Desertir AS akan Diekstradisi jika Pergi ke Jepang
Rabu, 14 Jul 2004 13:44 WIB
Jakarta - Pemerintah Amerika Serikat mengingatkan bahwa desertir tentara AS yang mengadakan reuni dengan istrinya di Indonesia akan menghadapi tuduhan serius jika ia pergi ke Jepang."Saya pikir mereka (Jepang) mengerti posisi kami bahwa Sersan (Charles Robert) Jenkins memang menghadapi tuduhan yang berpotensial serius, jika ia berada di tempat yang masuk yurisdiksi AS," tegas Juru Bicara Departemen Luar Negeri AS Richard Boucher kepada wartawan di Washington, AS."Jadi itu masalah yang akan terus kami bahas dengan pemerintah Jepang," imbuhnya seperti dilansir kantor berita AFP, Rabu (14/7/2004).Jenkins (64) mengadakan pertemuan emosional dengan istrinya, Hitomi Soga di Jakarta pada pekan lalu.
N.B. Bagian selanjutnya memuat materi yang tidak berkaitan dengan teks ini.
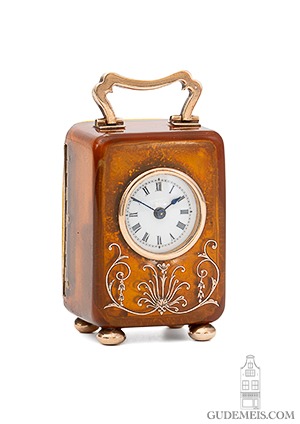 De vierkante glazen wijzerplaat heeft facet geslepen randen en Arabische cijfers. De vergulde messing wijzers hebben ruitvormige delen.

Soga, perempuan Jepang yang pernah menjadi korban penculikan Korea Utara itu, dinikahi Jenkins setelah diculik dan dibawa ke Korut. Pemerintah Pyongyang kemudian setuju untuk membebaskan Soga dan korban penculikan lainnya setelah kunjungan pertama Perdana Menteri Jepang Junichiro Koizumi ke Korut. Namun kepulangan Soga ke Jepang tanpa disertai suami dan dua anak perempuannya. Jenkins memilih tetap tinggal di Korut karena takut akan diekstradisi ke AS untuk diadili. Jepang memiliki perjanjian ekstradisi dengan AS.Pertemuan Jenkins dengan istrinya diprakarsai pemerintah Tokyo. Reuni sengaja dilakukan di Jakarta karena Indonesia tidak memiliki perjanjian ekstradisi dengan AS.Seorang juru bicara Pentagon, Selasa (13/7/2004) kemarin mengatakan bahwa Washington telah memberitahukan Jepang bahwa Jenkins masih tetap diincar atas tuduhan desersi.